Just wondering if anyone has any personal experience's of, or has read any father's/dad/man's experience's about/ articles on preconception communication or pre birth communication. Pre birth communication is a spiritual thing where parents-to-be, normally the mother, but sometimes the father, experience what they feel is communications with the not yet conceived or born child's soul, sometimes in the form of lucid pre-conception dreams.

Thank you


----------



## CageFreeFamily (May 13, 2009)

With DD#2 DS#1 had communication with her before we conceived. She told him she was coming and that she was a girl.

With DD#3 DH had communication that we were going to conceive in Beaufort, SC. We were traveling around the country at the time and I shouldn't have been ovulating. I was also dead set against the idea...which is likely why the communication was with DH and not me. She came right when she said anyway.
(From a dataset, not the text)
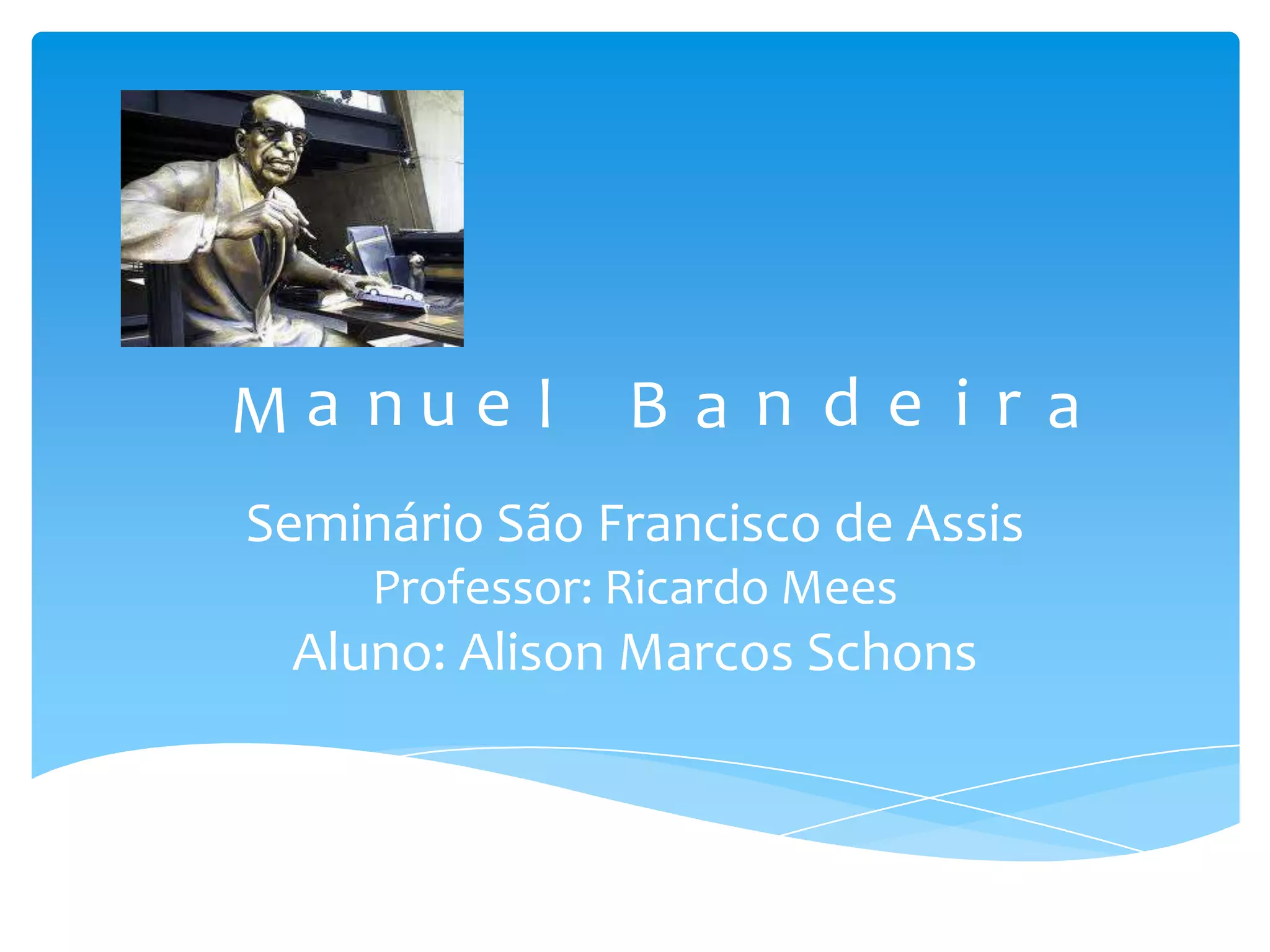 Manuel Bandeira foi um poeta modernista brasileiro nascido em 1886 em Recife. Fez parte da geração de 1922 e publicou seu primeiro livro "A Cinza das Horas" em 1917, marcado por um tom fúnebre e estilo parnasiano-simbolista. Bandeira possui um estilo simples e direto em sua poesia, abordando temas cotidianos de forma lírica. Ele publicou diversos livros ao longo de sua carreira.

I was terribly shocked when I realized that I was pg and dated back to when we were in Beaufort.

DH also has prenatal communication with DD#3.


----------



## chirp (Feb 9, 2008)

although we don't really say that our son "communicated" with dh...in my 7th month of pregnancy dh said our little boy was gonna have red hair, with goofy ears that stuck out. that he'd be pale with blue eyes. that he was, well, a he.

dh says he saw all this in a dream where our son was sitting on the couch.

he was right about all of it.

this pregnancy he swears that it's a girl. he dreamed she had brown hair and blue eyes. that she was skinny like he was as a child.

i guess we'll just have to wait and see. i'm due in march.

i have no strong feelings either way. and didn't with our first child either. so i'm assuming if there is any "communication" going on, the children obviously prefer their father.


----------